Work task —
Everything in the data below except the pictures must be repeated word for word.

──────── Data under study

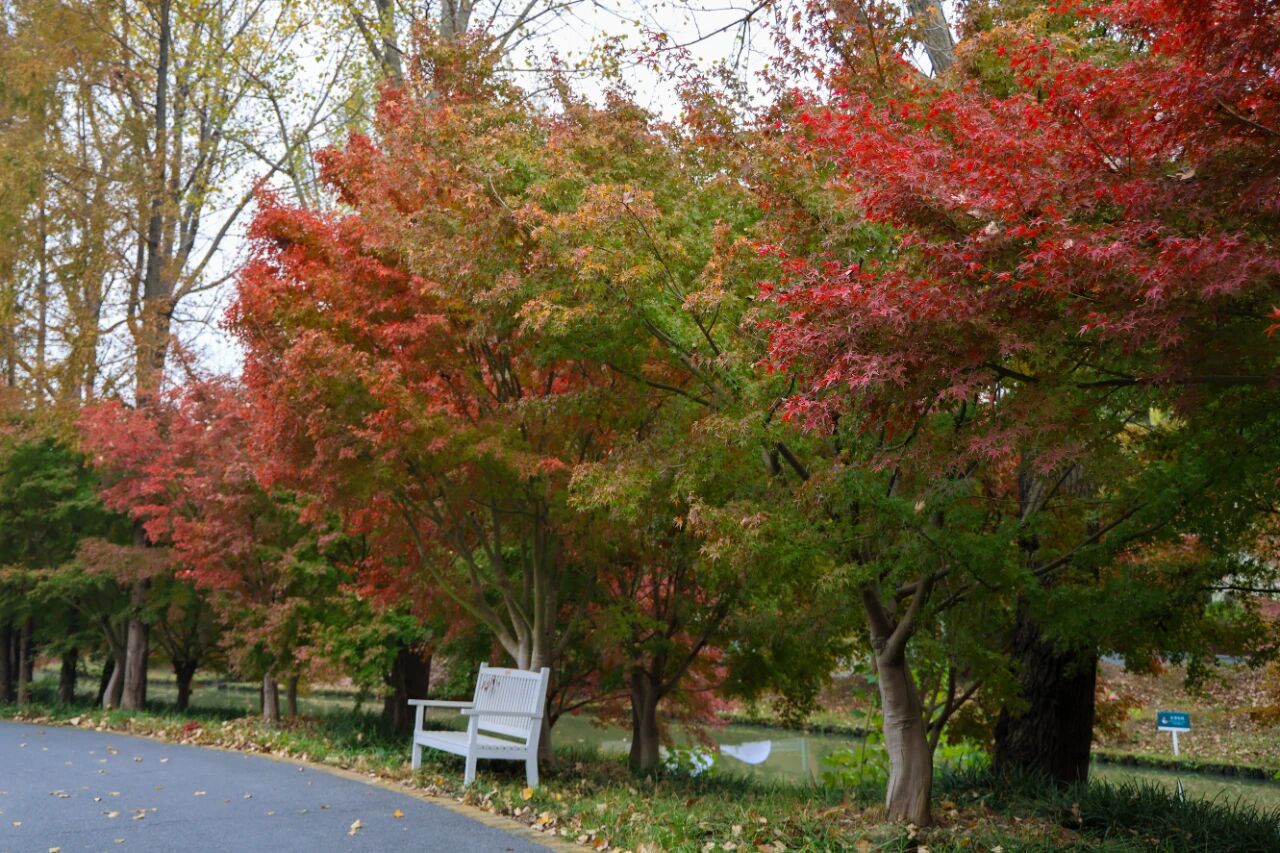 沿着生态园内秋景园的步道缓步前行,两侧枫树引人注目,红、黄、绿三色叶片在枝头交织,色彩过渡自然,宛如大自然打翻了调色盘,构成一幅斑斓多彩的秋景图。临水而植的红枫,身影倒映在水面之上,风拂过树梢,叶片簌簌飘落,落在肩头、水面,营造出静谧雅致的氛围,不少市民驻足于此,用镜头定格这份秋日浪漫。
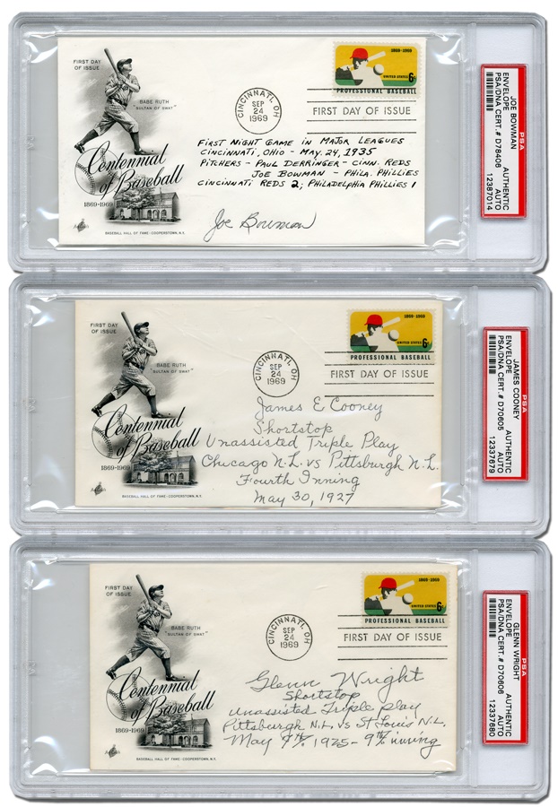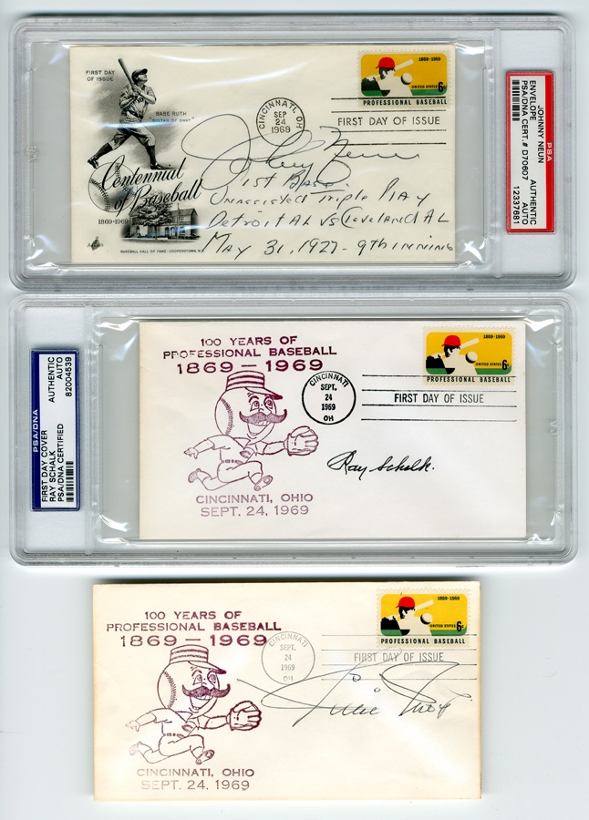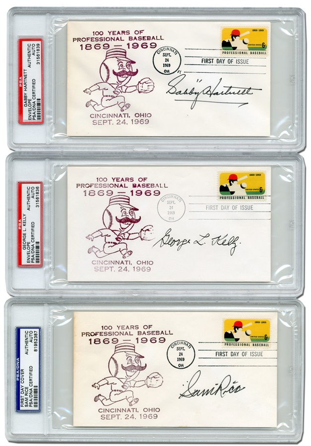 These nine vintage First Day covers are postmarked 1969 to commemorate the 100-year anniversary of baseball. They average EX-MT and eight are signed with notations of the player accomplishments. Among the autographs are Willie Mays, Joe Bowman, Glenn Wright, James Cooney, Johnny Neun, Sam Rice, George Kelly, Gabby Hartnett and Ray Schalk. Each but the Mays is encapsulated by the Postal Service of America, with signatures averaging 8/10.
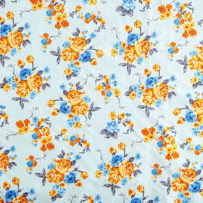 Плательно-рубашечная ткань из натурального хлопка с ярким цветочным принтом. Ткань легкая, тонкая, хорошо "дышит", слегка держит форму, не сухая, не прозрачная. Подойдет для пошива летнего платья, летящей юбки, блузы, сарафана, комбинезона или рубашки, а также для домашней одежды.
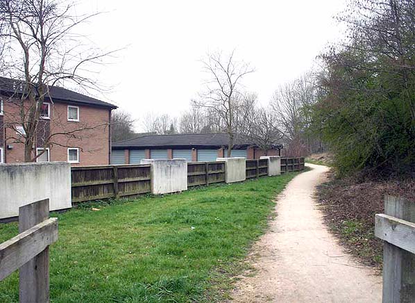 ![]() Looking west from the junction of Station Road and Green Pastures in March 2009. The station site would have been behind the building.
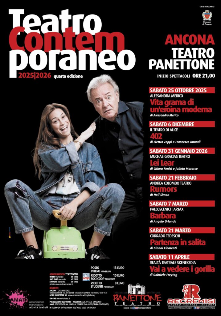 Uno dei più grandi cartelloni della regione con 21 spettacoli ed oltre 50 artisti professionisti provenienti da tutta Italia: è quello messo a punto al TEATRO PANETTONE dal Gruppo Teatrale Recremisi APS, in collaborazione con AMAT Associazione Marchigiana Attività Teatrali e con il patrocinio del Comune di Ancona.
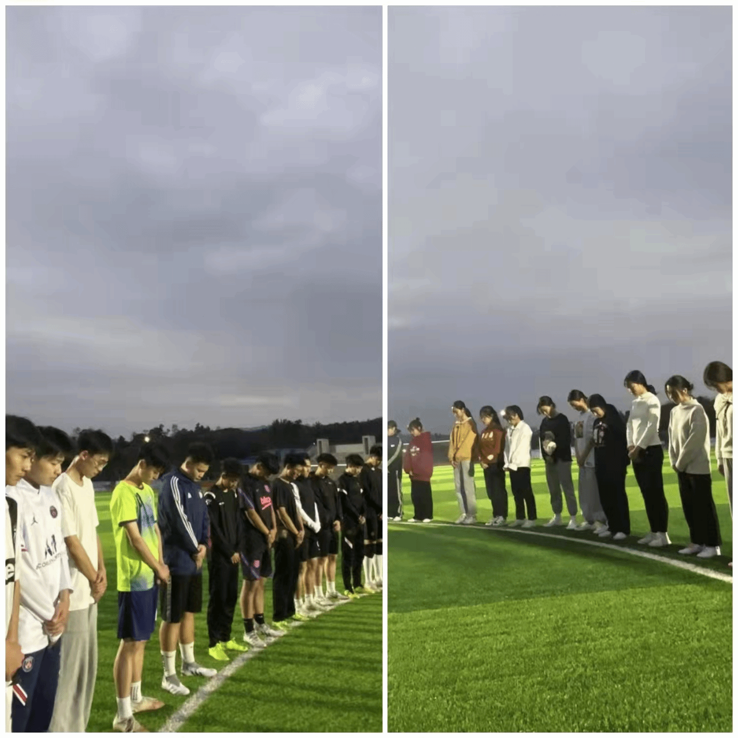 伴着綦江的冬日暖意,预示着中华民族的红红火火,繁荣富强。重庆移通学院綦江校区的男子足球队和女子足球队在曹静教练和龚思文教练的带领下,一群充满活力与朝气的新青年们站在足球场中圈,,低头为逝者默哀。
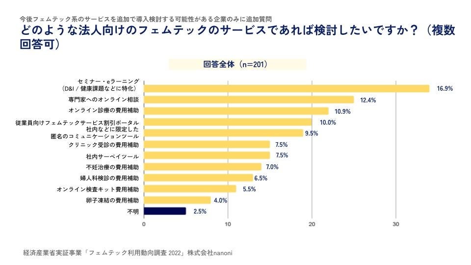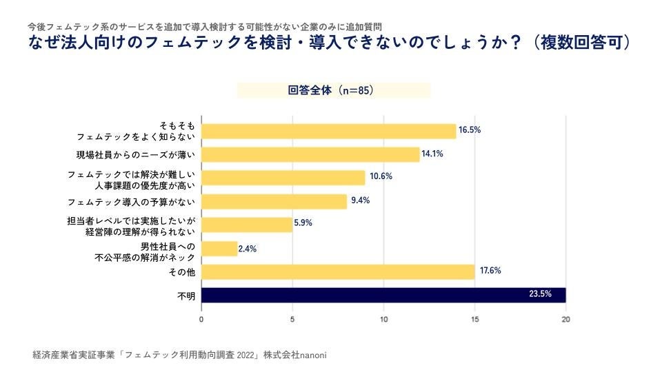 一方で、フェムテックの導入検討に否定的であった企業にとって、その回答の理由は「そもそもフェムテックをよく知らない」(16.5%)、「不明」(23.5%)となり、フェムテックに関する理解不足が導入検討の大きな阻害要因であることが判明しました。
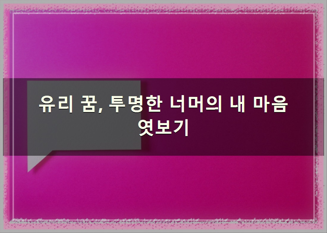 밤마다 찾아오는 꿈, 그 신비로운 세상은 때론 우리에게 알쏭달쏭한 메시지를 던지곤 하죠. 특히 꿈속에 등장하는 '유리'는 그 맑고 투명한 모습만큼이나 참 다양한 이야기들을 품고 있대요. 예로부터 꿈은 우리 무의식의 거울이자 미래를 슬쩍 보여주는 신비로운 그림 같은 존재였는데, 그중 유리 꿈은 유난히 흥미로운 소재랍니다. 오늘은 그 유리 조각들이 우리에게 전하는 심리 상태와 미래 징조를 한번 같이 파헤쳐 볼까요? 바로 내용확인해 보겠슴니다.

────────────────

Solution —
 沿着生态园内秋景园的步道缓步前行,两侧枫树引人注目,红、黄、绿三色叶片在枝头交织,色彩过渡自然,宛如大自然打翻了调色盘,构成一幅斑斓多彩的秋景图。临水而植的红枫,身影倒映在水面之上,风拂过树梢,叶片簌簌飘落,落在肩头、水面,营造出静谧雅致的氛围,不少市民驻足于此,用镜头定格这份秋日浪漫。
 These nine vintage First Day covers are postmarked 1969 to commemorate the 100-year anniversary of baseball. They average EX-MT and eight are signed with notations of the player accomplishments. Among the autographs are Willie Mays, Joe Bowman, Glenn Wright, James Cooney, Johnny Neun, Sam Rice, George Kelly, Gabby Hartnett and Ray Schalk. Each but the Mays is encapsulated by the Postal Service of America, with signatures averaging 8/10.
 Плательно-рубашечная ткань из натурального хлопка с ярким цветочным принтом. Ткань легкая, тонкая, хорошо "дышит", слегка держит форму, не сухая, не прозрачная. Подойдет для пошива летнего платья, летящей юбки, блузы, сарафана, комбинезона или рубашки, а также для домашней одежды.
 ![]() Looking west from the junction of Station Road and Green Pastures in March 2009. The station site would have been behind the building.
 Uno dei più grandi cartelloni della regione con 21 spettacoli ed oltre 50 artisti professionisti provenienti da tutta Italia: è quello messo a punto al TEATRO PANETTONE dal Gruppo Teatrale Recremisi APS, in collaborazione con AMAT Associazione Marchigiana Attività Teatrali e con il patrocinio del Comune di Ancona.
 伴着綦江的冬日暖意,预示着中华民族的红红火火,繁荣富强。重庆移通学院綦江校区的男子足球队和女子足球队在曹静教练和龚思文教练的带领下,一群充满活力与朝气的新青年们站在足球场中圈,,低头为逝者默哀。
 一方で、フェムテックの導入検討に否定的であった企業にとって、その回答の理由は「そもそもフェムテックをよく知らない」(16.5%)、「不明」(23.5%)となり、フェムテックに関する理解不足が導入検討の大きな阻害要因であることが判明しました。
 밤마다 찾아오는 꿈, 그 신비로운 세상은 때론 우리에게 알쏭달쏭한 메시지를 던지곤 하죠. 특히 꿈속에 등장하는 '유리'는 그 맑고 투명한 모습만큼이나 참 다양한 이야기들을 품고 있대요. 예로부터 꿈은 우리 무의식의 거울이자 미래를 슬쩍 보여주는 신비로운 그림 같은 존재였는데, 그중 유리 꿈은 유난히 흥미로운 소재랍니다. 오늘은 그 유리 조각들이 우리에게 전하는 심리 상태와 미래 징조를 한번 같이 파헤쳐 볼까요? 바로 내용확인해 보겠슴니다.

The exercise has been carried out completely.